I am not certain if the Aponogeton species I have is undulatus or ulvaceus or maybe some other similar species.

It recently sent a thick stem that after some turns (I've been raising duckweed and another unidentified surface plant there that I am "seeding" another tank with) it finally surfaced between the lamps assemblies (I leave some open spaces here and there) and it blossomed!. I have read that sometimes the Aponogeton ulvaceus require help to enter a dormant period after they produce flowers, while the undulatus requires no such intervention. What should I do to care for this plant?.

Sorry for the long post, just wanted to provide as detailed info as I considered relevant of my tank setting. I'll edit to post some pics once I'm done with my weekly water changes.

Thank you

Pepetj
Santo Domingo


----------



## Bryeman (Aug 24, 2009)

Tough to tell from pictures, but it looks like Ulvaceus to me. The size of the plant would also make me think that since Ulvaceus tends to grow with longer leaf blades in a lot of cases. Just a logical guess though.

Hopefully someone can answer your "rest period" question. I've heard a lot of different versions of what to do, but Kasselmann always suggest putting the dormant bulb into soil for several months and leaving at a temp or 20-25 degrees celcius for several months. Occasionally sprinkling with water, but not too much. You want the bulb to remain relatively dry so it doesn't rot. I've also heard of people refrigerating them and having success. Seems to be two different schools of thought, so hopefully someone with experience comes along!


----------



## Mr_docfish (Apr 21, 2008)

looks like an asian spp (single white inflorescence) cant really tell, and there are lots of hybrids out there now too.
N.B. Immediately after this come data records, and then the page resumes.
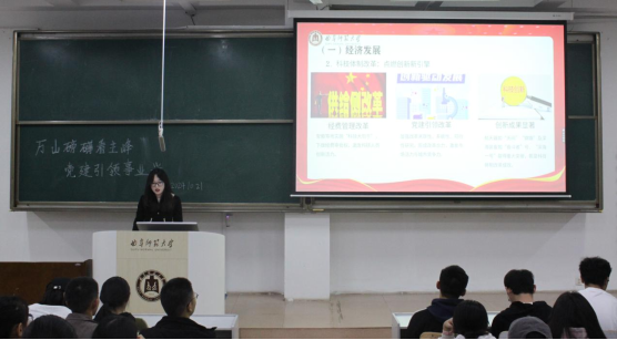 宣讲团紧紧围绕“推进文化自信自强,铸就社会主义新辉煌”、“万山磅礴看主峰,党建引领事业先”,依次列举了全国各地举办的丰富多彩的文化活动,这些活动形式多样、内容丰富,为在座的新生提供了精神盛宴,展示出我国蓬勃发展的文化产业,坚定了全社会的文化自信。宣讲团还通过列举一系列成绩斐然的建设项目,强调要坚定文化自信自强,坚定青年人对党的拥护与爱戴,使同学们深刻认识到党中央对进一步全面深化改革的统一领导的重要性。
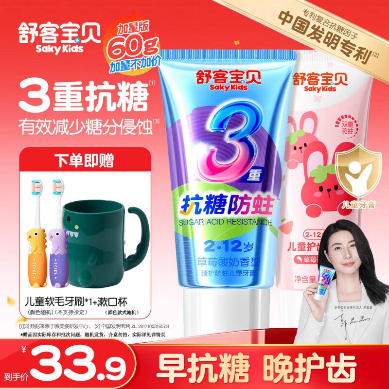 🚦 先领29-10卷 舒客 儿童抗糖牙膏60g×2支 19.9元,早抗糖晚
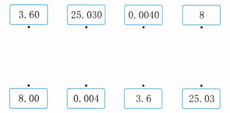 3.60连3.6;25.030连25.03;0.0040连0.004;8连8.00。
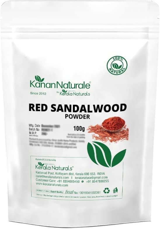The finest powder prepared from red sandalwood. Used for improving the beauty of the skin and reducing pimples. It works deep into the skin and removes all impurities and gives a fresh appearance. A quality product from Kerala NaturalsSoftening and smoothing, anti-stain and stain removal. Selected from the best quality red sandal. 100 pure and natural.Ayurvedische Natuurlijke Rode Sandelhout Poeder Raktha Chandan - 100Gm Het fijnste poeder bereid uit rood sandelhout. Gebruikt voor het verbeteren van de schoonheid van de huid en het verminderen van puistjes. Het werkt diep in de huid en verwijdert alle onzuiverheden en geeft een frisse uitstraling. Een kwaliteitsproduct van Kerala NaturalsVerzachtend en gladmaken, anti-vlekken en vlekken verwijderen. Geselecteerd uit de beste kwaliteit rode sandaal. 100 puur en natuurlijk.
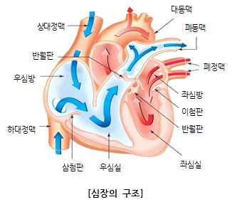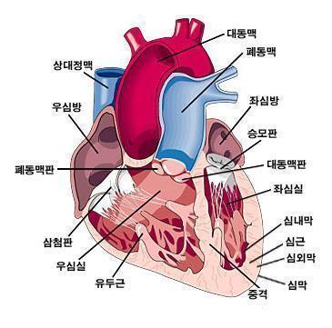 - 심장 구조(주먹만한 원추형 장기, 300g) 위치-양 폐 사이에 위치하며 약간 좌측 기울임/흉부 양쪽 폐 사이의 횡경막 상부 심장은 60100회 박동, 1회 70cc 정도의 혈액을 분당 5L 하루 7L 이상의 혈액을 뿜어낸다.③심장 밖을 순환, 심장 근육에 산소와 영양을 공급하는 관상동맥으로 둘러싸여 있는 ④2개의 심방과 2개의 심실에 4개의 방과 4개의 판막이 있다, 전신에 혈액을 뚫는다(혈액량=체중의 7%) ★높은 압력을 견디기 위해 좌심실이 우심실 벽보다 3배 정도 두꺼움 *우심장:소순환(폐순환): 심장과 폐 사이의 순환(정맥혈을 받아들여 폐로 보내 산화), CO2 많다 *좌심장:대순환(전신체 순환): 심장->신체 각 부분.O2 많은 신선한 혈액을 폐로부터 받아들여 동맥을 통해 전신에 영양공급, * 심장벽구조 : 심근→ 심장내막→ 심장외막→ 심장막강(심낭액: 마찰방지의 윤활제 역할) ● 판막: 혈액역류방지(4개의 판막) ● 삼첨판막: 우심방과 우심실 사이의 판막 ● 이첨판막(승모판막): 좌심방과 좌심실 사이의 판막: 우심실과 폐동맥 사이 ● 대동맥판막: 좌심실과 대동맥: 좌심실)② 우심실: 우심방에서 혈액을 받아 다시 폐동맥을 통해 폐로 보낸다.③ 좌심방: 폐에서 모은 혈액을 4개의 폐정맥을 통해 받아들인 뒤 다시 좌심실로 보낸다.④ 좌심실: 가장 큰 방, 대동맥을 통해 산소가 많이 포함된 혈액을 신체로 보낸다.
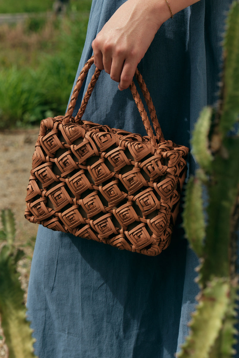 This Diamond Handbag features a refined leather handwoven design crafted into elegant diamond shapes. The meticulous weaving technique adds texture and visual depth, creating a sophisticated accessory that complements both formal and casual ensembles with timeless style.
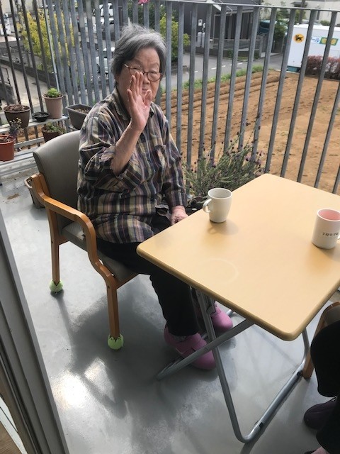 テラスに出て外気浴をされながらお茶を飲まれている様子をご紹介します(^^)/
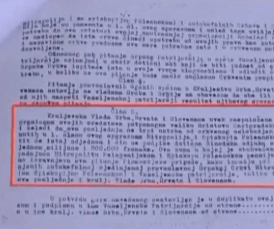 “Doctor of Historical Sciences Zvezdan Folić presents a document on how the Kingdom of Karađorđević bribed the Ecumenical Patriarchate for 1.5 million francs in 1920, in order to obtain a tomos and establish the Serbian Orthodox Church. A church with the name Serbian Orthodox Church never existed before 1920, not in any document, not in any seal.“
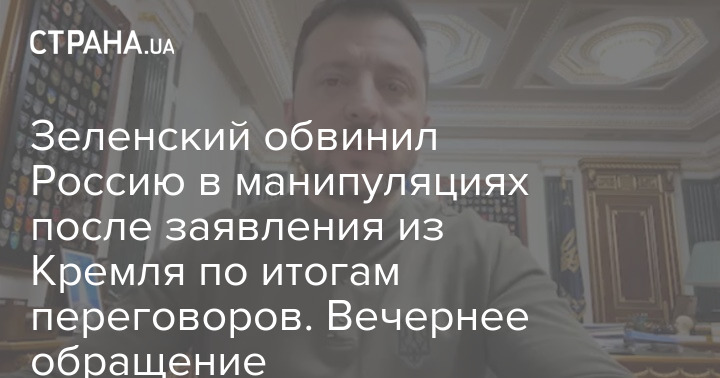 Зеленский обвинил Россию в манипуляциях после заявления из Кремля по итогам переговоров. Вечернее обращение
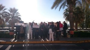 En el día de hoy 3 de diciembre el personal de limpieza de el departamento de Elda,( hospital, centros de salud y centros de especialidades) nos hemos concentrado en la entrada principal del hospital de Elda ,para reclamar a la empresa ISS que actualmente tiene la concesión de del departamento:
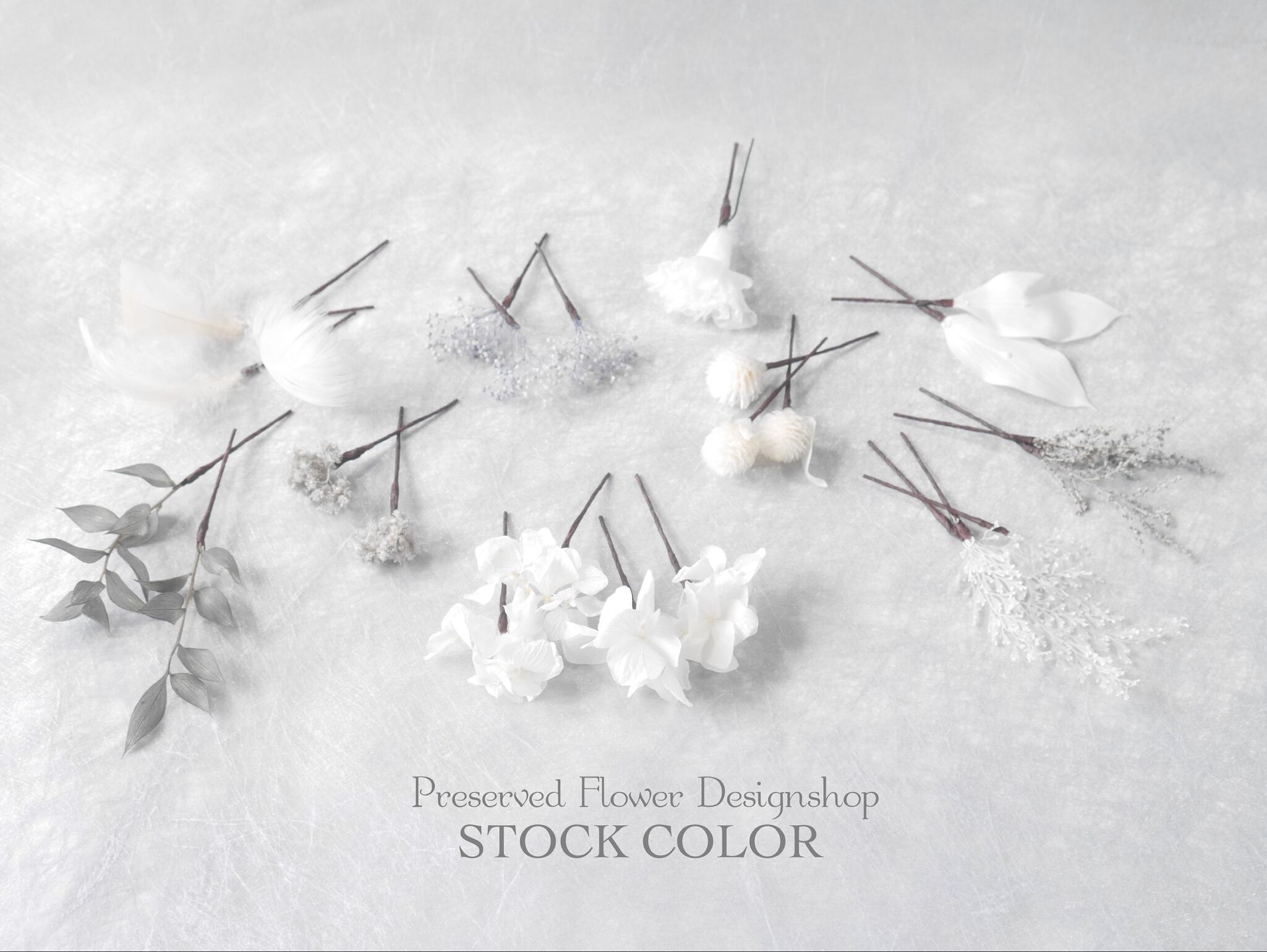 カーネーション、カスミソウ、アジサイ、センニチコウ、レースリーフ、フェザー、他

Most do not require dormant periods as such, but if it does slow down, you can just leave it in the tank and drop the temp to about 22Celcius and leave it there for about 4 weeks and then pick the temp back up to 26C or what ever you like to keep it at and do some water changes, and you will find it will come back with vigour. Basically, you will have to look at what happens in the wild.... the water either dries up (very rarely does it dry completely, just moist) or the water gets really cold and cloudy from heavy rains... during this time, the aponogetons hang back and wait for a better time to grow and flower. 
if you want the leaves to grow straighter, try adding a bit more trace and/or add Calcium iand see what happens.


----------



## pepetj (Oct 2, 2008)

Here are a few more pics of my Aponogeton species. Another stem is looking for the water surface!. I am now carefully dosing chelated iron weekly.

I trimmed three damaged leaves today and took some pics hoping you can help me ID it.

The longest leaf measures 33" (84 cm).

Pepetj
Santo Domingo

PS: Mr_docfish, I saw your planted tank (clicked at your signature's link). I tip my hat to you!


----------



## Mr_docfish (Apr 21, 2008)

I might be wrong about the asian spp...... it looks more like A longiplumosus 









looking at the tip of the inflorescence, which is pink, and the size of the tepals, I am quite sure of it. I have not seen one in person (hoping someone will send me one... or better off sending seeds.... Quarantine is pretty tight here.....), and normally it has a double inflorescence (but can be single) and can come in white and pink and variations in between: 









Looking at the leaves you have removed.... I would suggest more frequent addition of trace elements and possibly cooler water with an extra addition of calcium.

so far it looks good, hope it continues well for you.


----------